Tak perlu mengonsumsi ikan dengan harga yang mahal seperti salmon karena ikan dari lingkungan sekitar seperti bandeng juga banyak mengandung gizi, bahkan ikan teri juga terbukti mengandung omega 3 yang berfungsi untuk menurunkan tekanan darah dan peradangan dalam tubuh sehingga ibu bisa lebih rileks saat menyusui.

Ibu juga disarankan banyak minum air putih saat menyusui karena komposisi air dalam ASI dapat mencapai 90 persen.
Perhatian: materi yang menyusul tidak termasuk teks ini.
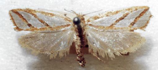 The adult moth has satin white wings, with two brown diagonal stripes and a brown border around each fore wing. The moth has a wingspan of about 2 cms.
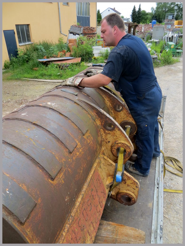 Ein neues Teil gibts jedoch schon dazu.... Andi hat letzte Woche von einem Händler in Saarlouis einen 3,5m³ Tieflöffel geholt. Der Löffel ist genau der, welcher zuvor an dem roten R962 der Fa. A. Schmidt lief. ( Zu sehen in diesem tollen Video: Liebherr R962 beim U-Bahn Bau von Benjamin Beytekin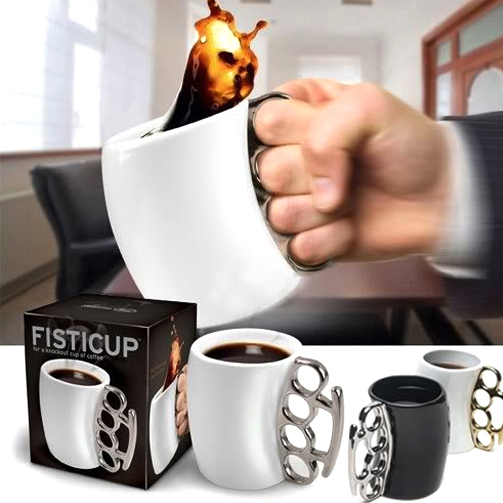 Стильная кружка из керамики с ручкой в виде кастета. |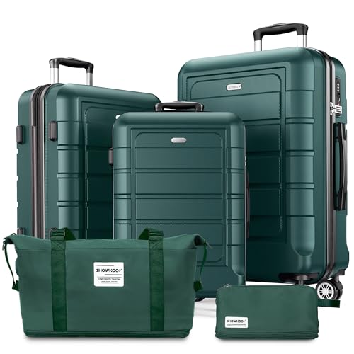 SHOWKOO Suitcase Sets 5 Piece Hardshell PC+ABS Expandable Lightweight Durable Travel Luggage with Travel Duffels Bag + Toiletry Bag -Green
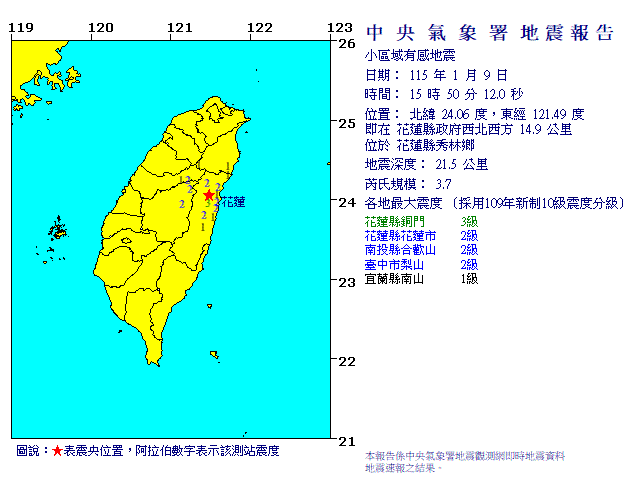 | 發 震 時 間: | 115年 1月 9日15時50分12.0秒 |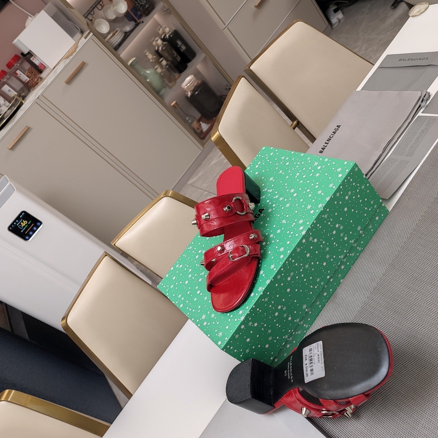 STRAPPY MEDIUM HEELED SANDALS IN RED STUDDED WAX-OIL SHEEPSKIN

Menyusui adalah salah satu periode emas yang dibutuhkan oleh anak agar bisa mendapatkan asupan gizi yang cukup selama masa tumbuh kembangnya. ASI bahkan disebut sebagai cairan yang hidup sehingga apabila tidak dirawat dengan baik maka akan berhenti diproduksi dan bisa memberikan dampak negatif bagi kesehatan ibu.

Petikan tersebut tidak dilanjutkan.